- Born: 7 April 1934 Banbridge, County Down, Northern Ireland
- Died: 9 April 2021 (aged 87) Hillingdon, London, England
- Occupation: Actor
- Notable work: Doctor Who (1968, 2010)

= Arthur Cox (actor) =

English actor (1934–2021)

Arthur Cox (7 April 1934 – 9 April 2021) was a character actor from Northern Ireland, who appeared in a number of roles in television and on stage during a career which spanned from the mid-1950s to 2020.

==Life and career==
Cox was born in Banbridge, County Down, Northern Ireland, in April 1934. He made his theatrical debut in Belfast during the mid-1950s, appearing in a production of A View from the Bridge by Arthur Miller.
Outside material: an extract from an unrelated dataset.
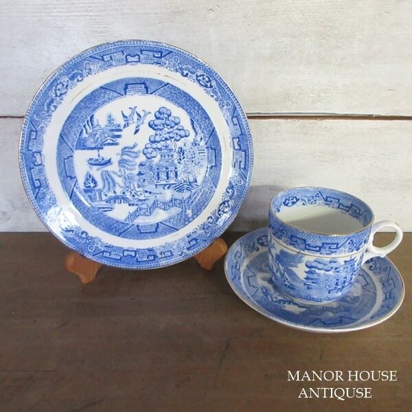 イギリス製 Samuel Radford Ltd ブルーウィロー カップアンドソーサー プレート 1913〜1924年 アンティーク 英国 tableware 1218sc | Manor House Antiques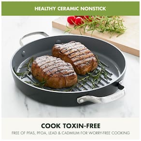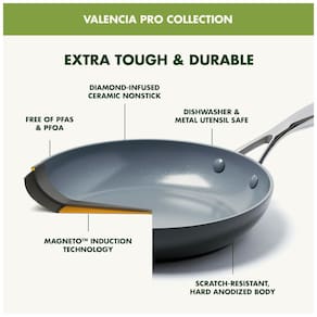 Infundido com diamantes, o revestimento antiaderente de cerâmica saudável Thermolon Minerals Pro da GreenPan é livre de PFAS, PFOA, grafite e cádmio, por isso nunca liberará gases tóxicos, mesmo se for superaquecido acidentalmente para utensílios de metal, nosso revestimento antiaderente com infusão de diamante oferece durabilidade notável, aquecimento equilibrado e limpeza sem esforço A Base de Indução Magneto do Valencia Pro traz incrível queima e escurecimento para todos os fogões, incluindo indução, além do corpo de alumínio anodizado duro é incrivelmente durável e resistente a arranhões A alça de aço inoxidável polido espelhado permanece fria graças a um recorte em forma de V Adequado para todos os fogões, incluindo indução Marca: Não Informado

His first appearance on stage in Dublin was as Ordulto in the play, The Masquerade of Henry IV in 1955.

===Television===

Cox played Cully in the 1968 Dr Who serial The Dominators.
In 1978 he played Sir Jasper Addleton in the Wodehouse Playhouse episode 'The Smile that Wins'.
During the 1980s, Cox's profile on television was raised after portraying Inspector Marriott in the drama Agatha Christie's Partners in Crime, as well as starring in Yes Minister as George, the driver of cabinet minister Jim Hacker.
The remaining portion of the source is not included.